Data records
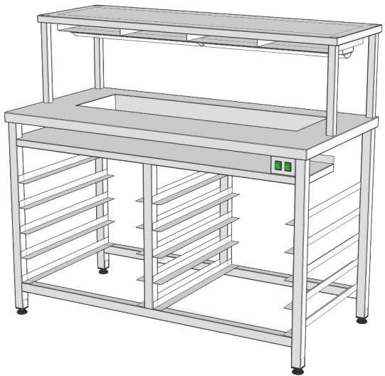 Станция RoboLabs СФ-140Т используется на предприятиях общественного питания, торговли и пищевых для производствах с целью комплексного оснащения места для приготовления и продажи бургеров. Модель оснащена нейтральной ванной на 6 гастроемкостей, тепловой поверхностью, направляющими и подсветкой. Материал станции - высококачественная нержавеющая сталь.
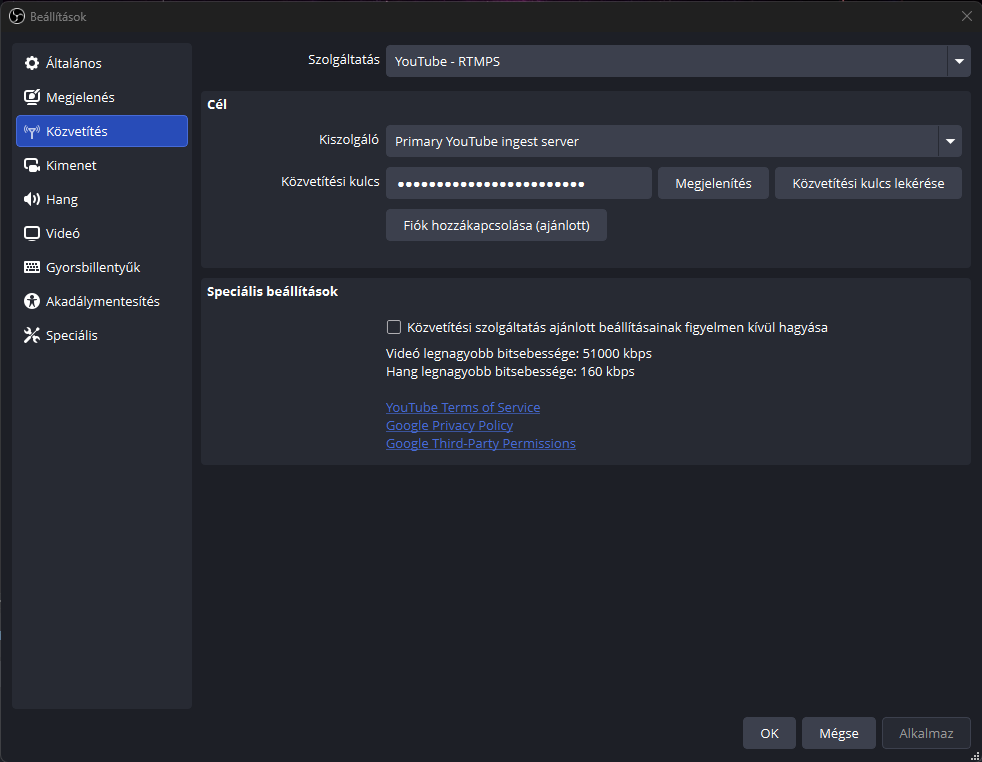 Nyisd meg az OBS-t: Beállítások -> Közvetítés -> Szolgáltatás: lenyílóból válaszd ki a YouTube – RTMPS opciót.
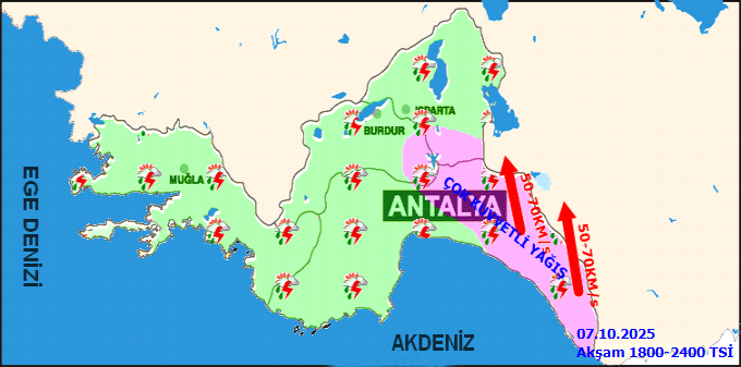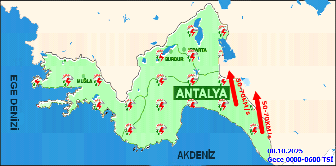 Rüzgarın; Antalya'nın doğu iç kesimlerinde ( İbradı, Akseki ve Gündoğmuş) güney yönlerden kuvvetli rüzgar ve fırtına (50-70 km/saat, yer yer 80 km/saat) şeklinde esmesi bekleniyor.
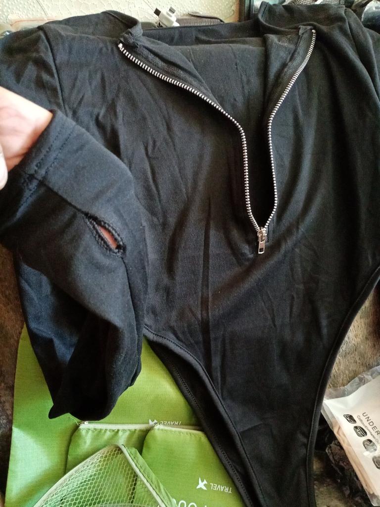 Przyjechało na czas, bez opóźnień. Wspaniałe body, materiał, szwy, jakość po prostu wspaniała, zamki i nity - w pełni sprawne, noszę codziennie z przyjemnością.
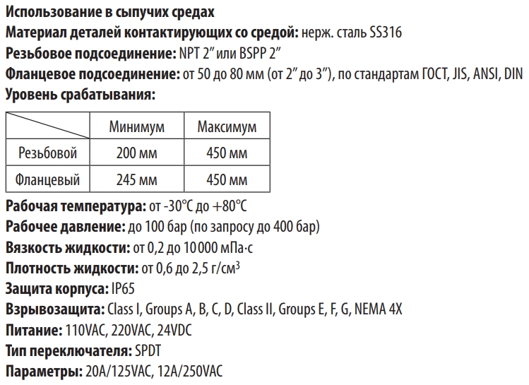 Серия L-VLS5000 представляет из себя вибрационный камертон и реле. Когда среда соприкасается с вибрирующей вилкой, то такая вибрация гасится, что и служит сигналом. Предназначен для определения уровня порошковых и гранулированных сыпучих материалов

About this exercise
Lines before the one containing "Nyisd meg az" are not wanted; write out that line and every later line through the end of the data above, exactly, without pictures.

Exercise answer
 Nyisd meg az OBS-t: Beállítások -> Közvetítés -> Szolgáltatás: lenyílóból válaszd ki a YouTube – RTMPS opciót.
 Rüzgarın; Antalya'nın doğu iç kesimlerinde ( İbradı, Akseki ve Gündoğmuş) güney yönlerden kuvvetli rüzgar ve fırtına (50-70 km/saat, yer yer 80 km/saat) şeklinde esmesi bekleniyor.
 Przyjechało na czas, bez opóźnień. Wspaniałe body, materiał, szwy, jakość po prostu wspaniała, zamki i nity - w pełni sprawne, noszę codziennie z przyjemnością.
 Серия L-VLS5000 представляет из себя вибрационный камертон и реле. Когда среда соприкасается с вибрирующей вилкой, то такая вибрация гасится, что и служит сигналом. Предназначен для определения уровня порошковых и гранулированных сыпучих материалов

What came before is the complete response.